Is this packed-decimal data from a mainframe perhaps? It would probably be easier to generate the file as truly plain text at the source before transferring it. If you are using FTP, make sure the transfer is forced to be an ASCII transfer.
From your example in the first post, I think what you want is to read the 1A? to mean 'please insert 26 (decimal) question marks' and any other time we hit the special character in the same line or any other line.
It makes it all a bit complex, hence why I suggest you generate a fully expanded file at the source. If it won't fit, or the transfer takes too long, then there are commercial compression tools that are available for pretty much any platform combination. We changed one transfer from 23 hours to 4 by using one, but there will be others out there.
We encounter fixed format special characters like "? or spaces" in the file between characters after hexadecimal values. The file got FTP from windows machine, provide some information how to handle the situtation using UNIX script.
Is this a Windows compressed file, a Winzip file or something else?
It may be possible to expand this with gunzip or similar utilities if these are available to you, but we'd need to know how it is generated in the first place.

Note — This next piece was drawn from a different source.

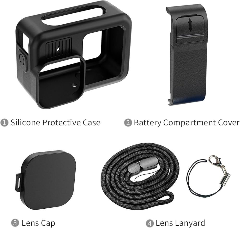 What's Included: 1x Silicone cover for Go Pro Hero 13, 1x Silicone Lens Caps,1x Battery Side Door. Important Note: The replacement side door is not waterproof and should not be submerged in water.
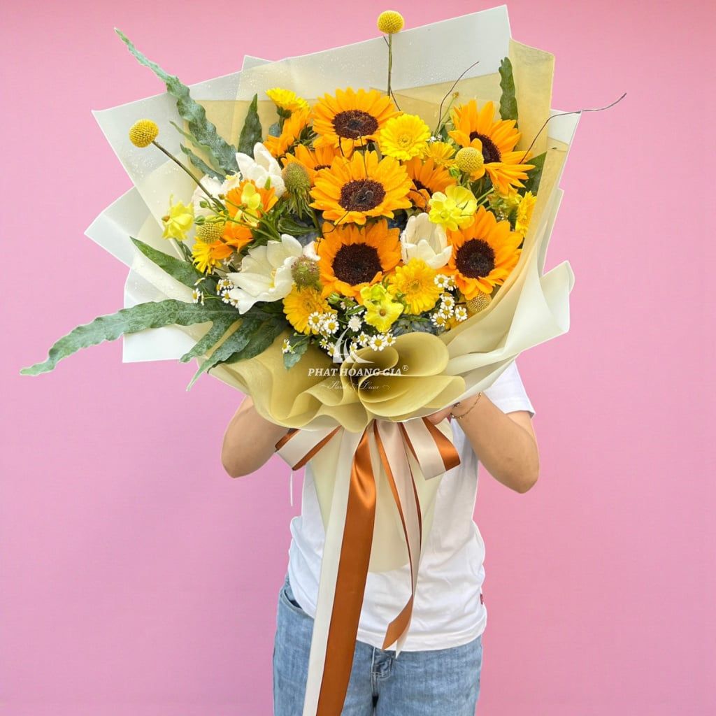 Trong vẻ đẹp của "Hạt Nắng 13", người ta dễ dàng cảm nhận được một luồng sáng tươi mới, mang lại niềm vui và sự ấm áp. Được ví như những tia nắng đầu ngày, bó hoa này truyền tải thông điệp về sự hy vọng và khởi đầu mới. Nó khơi dậy cảm giác nhẹ nhàng, yên bình, nhưng không kém phần lãng mạn, tựa như một bản nhạc du dương của cuộc sống.

The substitution regex above matches any character which is not a letter, number or space (as defined by the current locale) followed by 2 characters that could be interpreted as hexadecimal, followed by any character and replaces them with the 3 spaces followed by the character repeated n times.
The fact that Perl allows executable code in the substitution block means we can do things like this not available in sed or awk as a single substitution.
The e flag marks the substitution block for evaluation, the g flag would allow the substitution to be applied globally rather than to just the first match.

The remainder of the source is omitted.